== Provided records ==
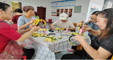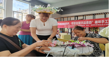 四川成都市新都街道静安社区“簪花不语自有芳华 邻里相聚共品雅韵”趣味手工活动
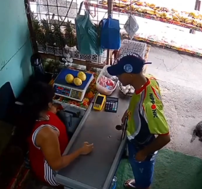 Ele mandou a comerciante se ajoelhar enquanto vasculhava o que tinha ainda no caixa. O criminoso estava de boné, bermuda jeans e uma camisa de time.
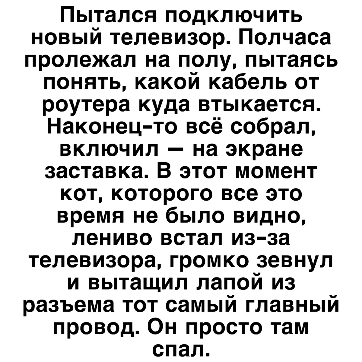Пытался подключить новый телевизор. Полчаса пролежал на полу, пытаясь понять, какой кабель от роутера куда втыкается. Наконец-то всё собрал, включил — на экране заставка. В этот момент кот, которого все это время не было видно, лениво встал из-за телевизора, громко зевнул и вытащил лапой из разъема тот самый главный провод. Он просто там спал.
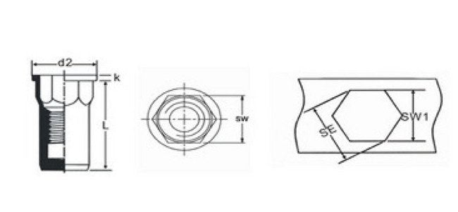 P-Series M4 Thread Flat Rivet Nut, 16.5mm
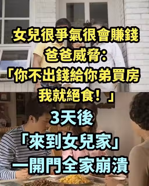 女兒很爭氣很會賺錢! 爸爸威脅:「你不出錢給你弟買房,我就絕食!」 3天後「來到女兒家...」一開門全家崩潰
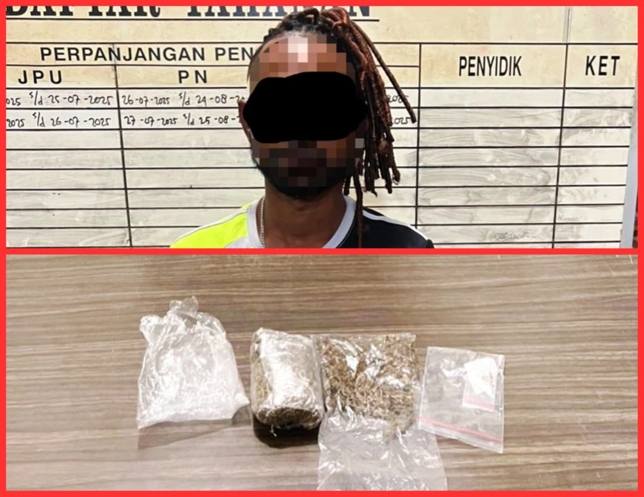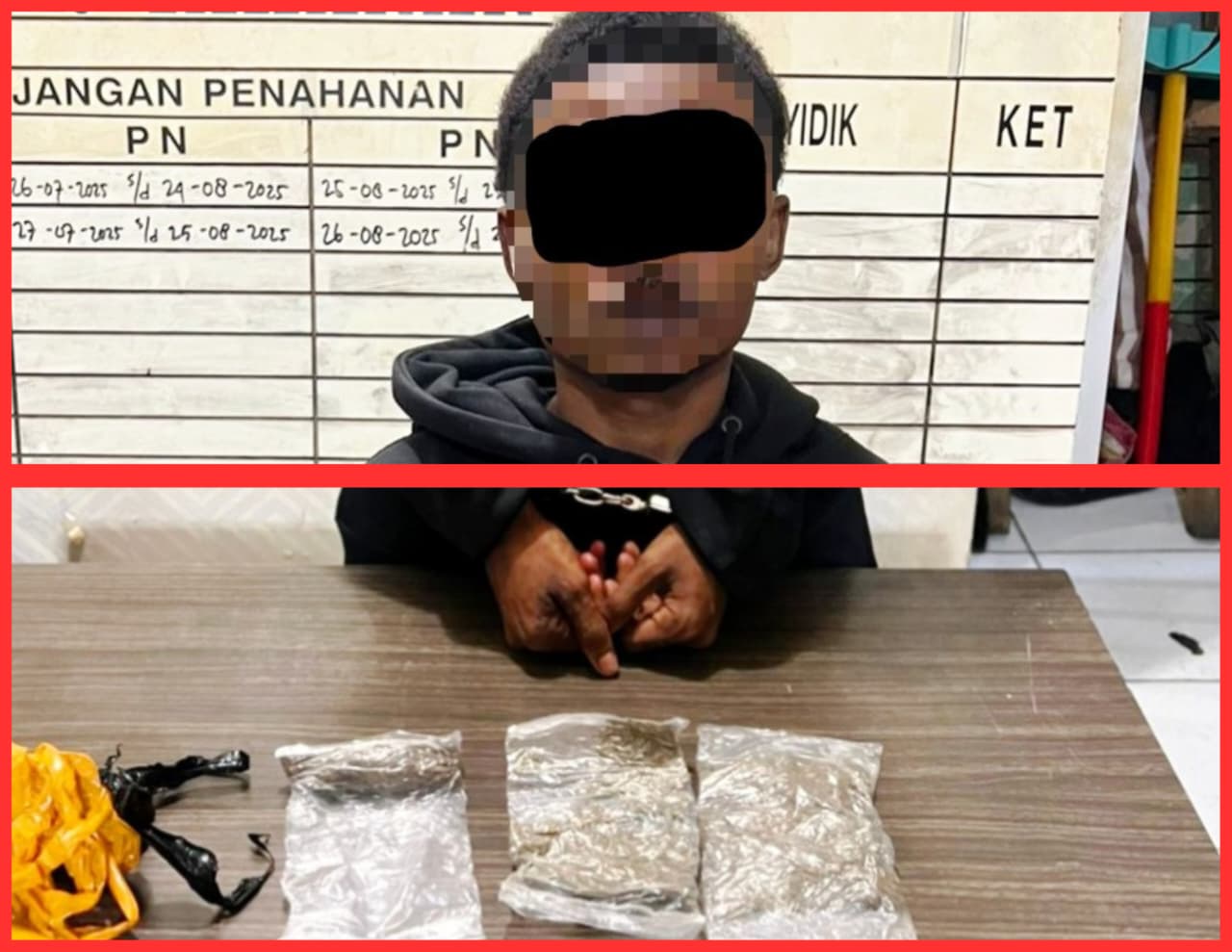 2. Tersangka BYM (35): Warga Dok VII Jayapura ini diamankan satu jam kemudian (21.00 WIT). Ia mencoba menyembunyikan 64,22 gram ganja di dalam bungkus teh kotak dan tempat sabun. Petugas juga menemukan satu paket kecil berisi biji ganja dalam tasnya.

== Exercise objective ==
Restate every record above word for word, without images.

== Response ==
 四川成都市新都街道静安社区“簪花不语自有芳华 邻里相聚共品雅韵”趣味手工活动
 Ele mandou a comerciante se ajoelhar enquanto vasculhava o que tinha ainda no caixa. O criminoso estava de boné, bermuda jeans e uma camisa de time.
Пытался подключить новый телевизор. Полчаса пролежал на полу, пытаясь понять, какой кабель от роутера куда втыкается. Наконец-то всё собрал, включил — на экране заставка. В этот момент кот, которого все это время не было видно, лениво встал из-за телевизора, громко зевнул и вытащил лапой из разъема тот самый главный провод. Он просто там спал.
 P-Series M4 Thread Flat Rivet Nut, 16.5mm
 女兒很爭氣很會賺錢! 爸爸威脅:「你不出錢給你弟買房,我就絕食!」 3天後「來到女兒家...」一開門全家崩潰
 2. Tersangka BYM (35): Warga Dok VII Jayapura ini diamankan satu jam kemudian (21.00 WIT). Ia mencoba menyembunyikan 64,22 gram ganja di dalam bungkus teh kotak dan tempat sabun. Petugas juga menemukan satu paket kecil berisi biji ganja dalam tasnya.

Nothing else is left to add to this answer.